Marion Post Wolcott shoots jitterbugging for the FSA (1939)

His great relationship developed with a particular canon of American songs—authentic, commonplace, sui generis. In his book about Dylan’s drug-fueled and free-spirited “Basement Tapes,” recorded in 1967 in Saugerties, New York, Marcus describes certain songs as opening doors onto the homeland:

America opened up into both the future and the past… The past is alive to the degree that the future is open, when one can believe that the country remains unfinished, even unmade. You could believe in the future only if you could believe in the past, and.. you could believe in the past only if you could reenact it. The present, the historical present, was meaningless.

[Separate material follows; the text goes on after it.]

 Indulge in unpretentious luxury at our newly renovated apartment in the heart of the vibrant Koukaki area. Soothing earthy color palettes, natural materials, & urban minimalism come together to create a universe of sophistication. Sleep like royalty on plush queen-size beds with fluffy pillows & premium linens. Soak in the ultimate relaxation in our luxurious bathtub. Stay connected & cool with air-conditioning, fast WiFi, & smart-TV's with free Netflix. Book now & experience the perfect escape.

Marcus is positing transcendence, of time and self, by acoustic guitar. It’s a little vague, a little mystical—but it comes alive in Marcus’s latest writing about our commonplace songs and “folk lyric.” An American future belongs to us—alive, full of possibilities—only as long as we can lay hands on the voices, fears, and dreams of our past.

This week, Open Source producer Max Larkin spoke with Marcus about three such “commonplace” songs —Bob Dylan’s “The Ballad of Hollis Brown,” Geeshie Wiley and L. V. Thomas’s “Last Kind Words Blues,” and “I Wish I Was A Mole In The Ground”—songs that seem as if they have no author, universal numbers that belong to everyone.

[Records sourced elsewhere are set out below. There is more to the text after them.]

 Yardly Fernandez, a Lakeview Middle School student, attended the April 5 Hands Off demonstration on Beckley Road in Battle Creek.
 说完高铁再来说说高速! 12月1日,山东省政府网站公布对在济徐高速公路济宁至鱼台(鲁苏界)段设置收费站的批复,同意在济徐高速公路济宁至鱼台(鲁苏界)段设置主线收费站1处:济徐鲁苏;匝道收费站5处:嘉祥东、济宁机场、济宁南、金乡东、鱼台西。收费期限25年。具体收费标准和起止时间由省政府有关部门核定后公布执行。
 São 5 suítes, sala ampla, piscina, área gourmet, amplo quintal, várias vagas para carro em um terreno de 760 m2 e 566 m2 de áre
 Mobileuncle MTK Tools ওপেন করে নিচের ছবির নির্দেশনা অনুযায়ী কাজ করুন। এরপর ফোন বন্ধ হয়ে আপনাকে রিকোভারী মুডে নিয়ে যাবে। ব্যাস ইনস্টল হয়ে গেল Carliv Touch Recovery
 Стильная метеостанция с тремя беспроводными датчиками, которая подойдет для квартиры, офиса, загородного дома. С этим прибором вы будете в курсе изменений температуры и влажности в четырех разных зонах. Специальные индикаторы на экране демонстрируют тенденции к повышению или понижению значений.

You can listen to that conversation here:

The full radio conversation with Greil Marcus.

But each of these songs have complex origins and afterlives that sprawl out beyond our radio hour. If you want to dig deeper into this vision of “old, old, weird America,” listen to the songs again and read some of our analysis below.

1. Bob Dylan’s “The Ballad of Hollis Brown”

In reviews of Dylan’s third album The Times They Are a-Changin’, “The Ballad of Hollis Brown” is often understood as a protest song: a song of “social conscience,” a song that addresses the “appalling inequality of the human race.”

But Dylan doesn’t put those political views in the song, the true-enough story of a destitute South Dakota farmer who shoots his wife, his five children and himself. What does this made-up man from an unknown moment stand for?

That political sense of Hollis Brown may have been cemented in later recordings. Nina Simone’s brilliant cover of the song, which would have been performed alongside black protest songs like “Mississippi Goddamn” on a European tour, might have conjured Hollis Brown as a cause: an African-American sharecropper, maybe, stranded by white supremacy. But that either her contribution to the myth, or her audience’s projection.

The filmmaker David Lynch recorded his own version of “Hollis” — inspired by Nina Simone’s cover, not Dylan’s original — in 2013. When asked why he recorded it, he pointed back at 2008 and said that “with the financial crises and people out of work and hard up for money, I think it’s a very timely song.” But Dylan’s lyrics gives a no sense of of who’s to blame for Hollis’s poverty and offers no way out. How can he help?

A third and even more political version of Hollis Brown was recorded by the Chicago-based hardcore band, Rise Against. The music video shows a montage of modern farmers in heartland America, accompanied by explanatory captions about the threat of industrialized agriculture and intercut with action shots of Rise Against rocking out on stage. The near-humanity of Hollis Brown is buried under electric amplification and moralism—an important cause, of course, but not as musical or ambiguous.

Marcus doesn’t sanitize his catalog, and the darkness and fatalism of “Hollis Brown” fits in the irregular dark corners of our heritage.

Its musical roots reach back to a nearly 300-year-old English ‘murder ballad’ known as “The Gosport Tragedy.” The 16-verse ballad tells the tale of a ship’s carpenter, named Willie, who promises to marry his lover, Molly. But Wille finds that Molly pregnant out of wedlock, he leads her instead to her grave. When the carpenter returns to sea, his ship is forever haunted by the ghost of his former lover.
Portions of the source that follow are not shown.